Understanding Ultra-Processed Foods and Their Impact
Ultra-processed foods (UPF) have become a significant part of the modern diet, especially in countries like the United States. These foods are typically manufactured through multiple industrial processes that involve the addition of various additives, preservatives, and artificial ingredients. Examples include processed meats, canned soups, frozen meals, and even some breads and salads. While these items offer convenience and affordability, their long-term health implications are increasingly concerning.
According to a recent report by the Centers for Disease Control and Prevention (CDC), Americans consume more than 50% of their daily calories from ultra-processed foods. For children and teenagers, this figure rises to about two-thirds.
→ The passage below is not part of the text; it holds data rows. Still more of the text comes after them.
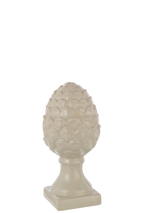 Pomme De Pin Sur Base Brillant Porcelaine Beige Medium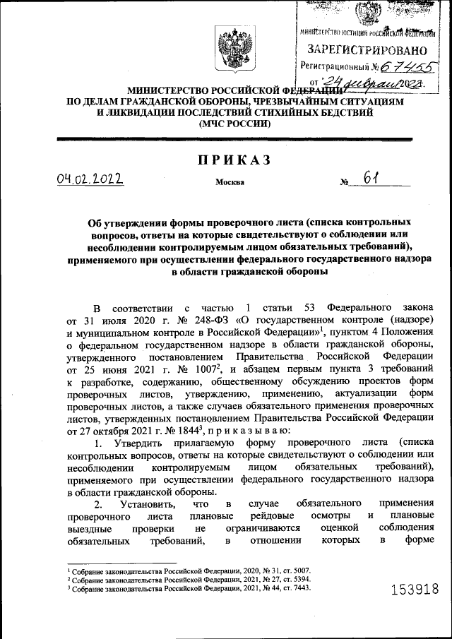Приказ Министерства Российской Федерации по делам гражданской обороны, чрезвычайным ситуациям и ликвидации последствий стихийных бедствий от 04.02.2022 № 61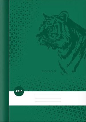 Školský zošit vo formáte A4, štvorčekový, v tmavo zelenej farbe, s motívom tigra, v doskách z kriedového papiera.

The prevalence of UPFs in the American diet is alarming, as they have been linked to a range of serious health issues, including obesity, heart disease, colorectal and breast cancers, diabetes, and depression.
Research published in April revealed that for every 10% increase in the consumption of ultra-processed foods, the risk of early death from any cause increases by 3%. Furthermore, one in seven premature deaths in the U.S. could be directly attributed to UPFs such as processed meats, candy, ice cream, and even certain healthy-looking salads and breads.
Not All Ultra-Processed Foods Are the Same
It's important to recognize that not all ultra-processed foods are harmful. Some, like frozen vegetables, canned tomatoes, whole-grain bread, and Greek yogurt, can be healthy alternatives. These foods undergo processing methods such as freezing and canning, which help preserve nutrients without introducing harmful additives.
The appeal of UPFs lies in their accessibility and affordability. They are often cheaper than fresh produce or organic options, making them a practical choice for many families. However, experts argue that it's possible to maintain quality and nutrition while enjoying the convenience of UPFs. Canned low-sodium beans, frozen vegetables, and breads with short ingredient lists can serve as healthier substitutes for less nutritious pantry staples.
The Challenge of Avoiding Ultra-Processed Foods
In the average American grocery store, UPFs make up about 70% of the inventory. This makes it challenging for consumers to avoid them entirely. The American Heart Association recently highlighted that most foods containing industrial additives are also high in unhealthy fats, added sugars, and salt. While additives play a role, the main issue is the excessive consumption of nutritionally poor UPFs.
The term "ultra-processed foods" refers to items that have been heavily modified with preservatives, artificial colors, fillers, emulsifiers, sweeteners, and flavorings. However, not all UPFs are harmful. Certain products, such as whole grain breads, low-sugar yogurts, tomato sauces, and nut or bean-based spreads, are considered better choices. These items are associated with improved health outcomes and are affordable, making them viable additions to a balanced diet.
Healthy Swaps and Nutritional Benefits
Despite being ultra-processed, some of the best swaps for what many consider "junk food" contain fewer additives, less added sugar, and lower sodium. Frozen vegetables and berries, canned tomatoes, whole grain bread, and unsweetened Greek yogurt are examples of processed foods that can be beneficial. These items undergo processes such as flash-freezing, canning, mechanical straining, and enrichment with vitamins, which can enhance their nutritional value.
However, many UPFs on store shelves still contain high levels of saturated fat, sodium, and sugar. Examples of "red flag" foods include cured and processed meats, canned fruits in syrup, frozen meals, candies, some breads, potato chips, and ice cream. Identifying high-risk UPF subgroups is essential for balancing nutritional goals with the need for accessible and appealing food options.
Recommendations for a Healthier Diet
Nutritionists recommend swapping out red flag foods with UPFs that include beneficial ingredients like whole grains, beans, yogurt, or nuts, as well as fortified cereals, whole-grain breads, or plain yogurts. These alternatives have been linked to better heart health compared to UPFs loaded with synthetic additives.
Whole grain breads are rich in fiber, which can reduce the risk of colorectal cancer. Beans and nuts provide protein-packed snacks, while unsweetened yogurt helps balance the body’s gut microbiome and improves gastrointestinal health.
Grace Derocha, a registered dietitian nutritionist and spokesperson for the Academy of Nutrition and Dietetics, emphasizes that the science recognizes the complexity of UPFs. She suggests differentiating between "unhealthy UPFs" and more wholesome packaged items.
Global Efforts and Future Considerations
Over a dozen countries have officially advised against allowing UPFs to dominate one’s diet. Some, like cities in Brazil, have eliminated UPFs from school meals, while others, such as Colombia, tax them. The EU, UK, Canada, and several Asian countries have banned certain ingredients that were recently prohibited in California.
In the U.S., there is no formal definition of UPFs for regulatory purposes. Experts at the American Heart Association warn that an overly broad definition could lead to confusion, as most foods in grocery stores might be labeled as highly-processed, causing customers to ignore warnings.
Food policy reform must consider broader goals, including nutrition security, safety, and sustainability. While transforming the food system is complex, it is achievable.